The martial component of a vigil over those who died in battle incorporates these purposes and two more besides. The dead are watched to prevent their corpses being further marred by an uncouth enemy who would insult their bodies or carry parts of them away as a trophy. Also, the honored dead would be watched to keep their corpses from being looted.
Other things are combined with these purposes… the vigil is a pledge of honor, a statement to the living and the dead alike that we still care for the fallen and will preserve them from insult. It is also an occasion for those holding vigil to privately reflect upon the dead, to pray and to grieve – each in their own way, yet all together, privately doing so in a public setting.
Essentially, the people of Australia, Britain, Canada, New Zealand and South Africa spontaneously created a symbolic night watch.
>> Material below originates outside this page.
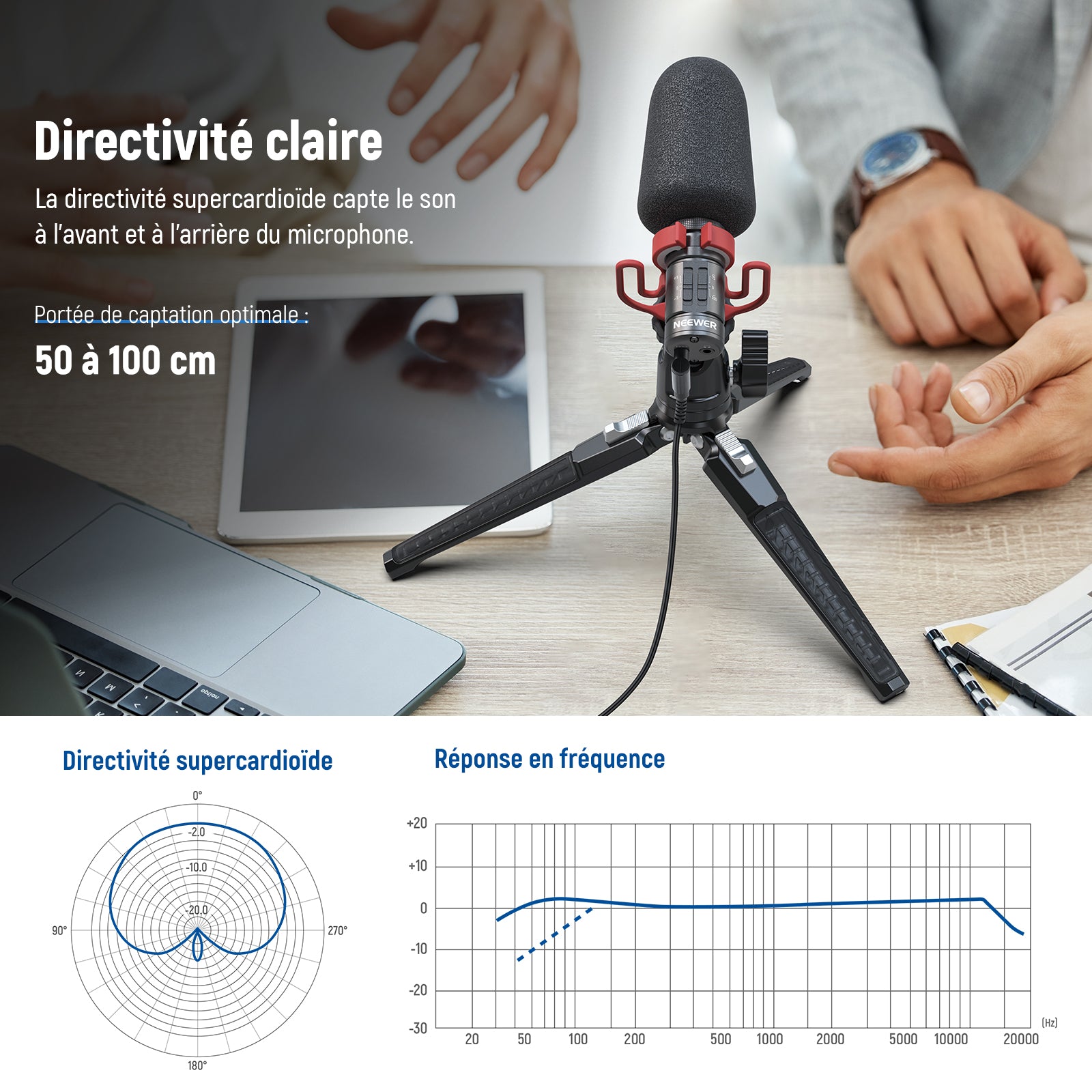 NEEWER Vlog VM10 Micro Supercardioïde Plug & Play

In our Remembrance Day observation (for it truly is ours), we call our dead to a cenotaph to rest in honor, promise that we will protect them from insult and desecration and hope to be united with them once more.
This simple Remembrance Day Ceremony wasn’t designed by a committee – it was created more or less spontaneously throughout the UK and the Dominions in the immediate aftermath of the war. It is a pure and simple ceremony that says everything that needs to be said, without saying a thing. There is no reason to encrust it with additional observances, and certainly not with speeches.
King George V knew enough to let the ceremony evolve by itself and to keep his officials from meddling with it.
Two bugle calls, framing a symbolic night watch at a cenotaph… it’s not a bad way to spend a couple of minutes every year.